”Pine’s Prayer Against Lumberjacks,” Orion, from Faun.
“The Changeling,” and “The Two Thumbelinas,” New Orleans Review, 2022–From “The Nameless” (forthcoming Kernpunkt Press, 2023)
“We Have Gone into the Light Where No Farmgrrl has Ever Been,” Yalobusha Review, 2022–From “The Nameless” (forthcoming Kernpunkt Press, 2023)
“My Parents Tell Me to Forget It,” Under a Warm Green Linden, 2021–From “The Nameless” (forthcoming Kernpunkt Press, 2023)
“On the Shores of Lake Superior, We’re Saved By a Mysterious Bird,” Entropy, 2021–From “The Nameless” (forthcoming Kernpunkt Press, 2023)
“After Our Parents Get Divorced, Our Mother Buys and Ivy Stencil,” Plume Poetry, 2021–From “The Nameless” (forthcoming Kernpunkt Press, 2023)
“Born Again in the Light of the Self, which Is Death” and “Another Dream of Death: Montana Vermiculite Contamination,” Permafrost, 2021–From “The Nameless” (forthcoming Kernpunkt Press, 2023)

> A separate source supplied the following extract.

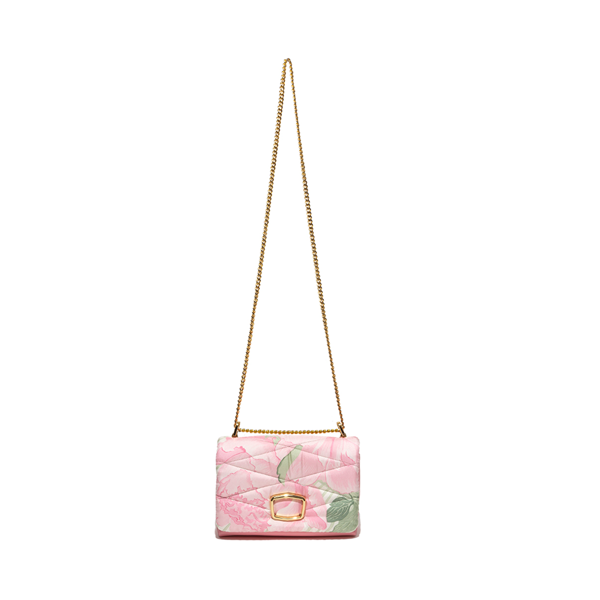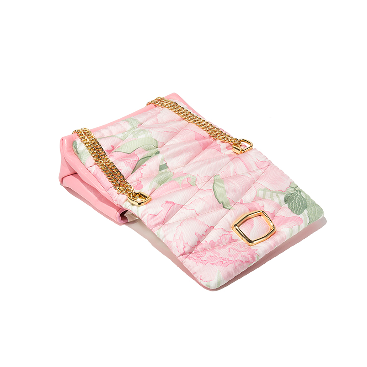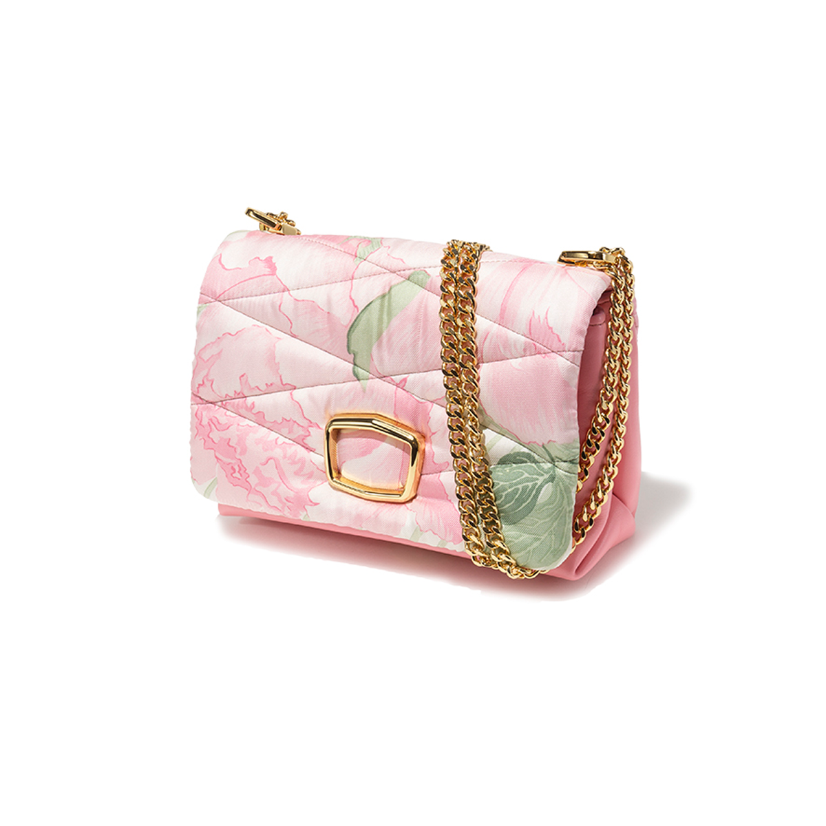 In tutta la collezione, MM33 combina la morbidezza della seta con la qualità della pelle d’agnello, conferendo alla borsa grande adattabilità alle forme femminili e, allo stesso tempo, raffinatezza ed eleganza. Il foulard aggiunge carattere alla borsa e l’imbottitura trapuntata dà struttura e corpo alla seta.

“After Working on a Dairy Farm for Six Months, I Realize That I’m a Demon & So Is Everyone I Know” at Triquarterly–From “The Nameless” (forthcoming Kernpunkt Press, 2023)
“Lake Superior,” “Breath,” and “Mimicry,” Columbia Journal–From FAUN.
With Michael Barach–“Love Letter 16. Ring of Fifths” and “Love Letter 18. Words Are Wind in Shut Spaces,” Another Chicago Magazine
“Lily and Gog” (except for the final section), Zone 3–From GOG
From Faun:
LOST IN THE FOREST, I GIVE BIRTH TO A FAUN
(Published in Ocean State Review)
In a leafy swoon, among the stag-shaped
lichen, I rest my head
against pine bark, beyond marshes, beyond
creeks, where ghosts of graylings jump, where the dead
uncross at dawn among the vines, and a faun—
human above, animal below—is led
by gravity into blue. While walking alone
in the forest, my water breaks, bursts,
beckons, Faun
feels the primordial water-universe
seize, contract, drain. Where there was darkness
there was weightlessness, but now the surge
of matter, flesh forcing, the earth’s nest
pulses green, pulses high C
sharp, pulses I-am breath.
*
The cattle’s bones turn into wrens. Then
I’m a shadow’s shadow. Animal is human and human
animal: animal-born, animal-raised, animal-taught.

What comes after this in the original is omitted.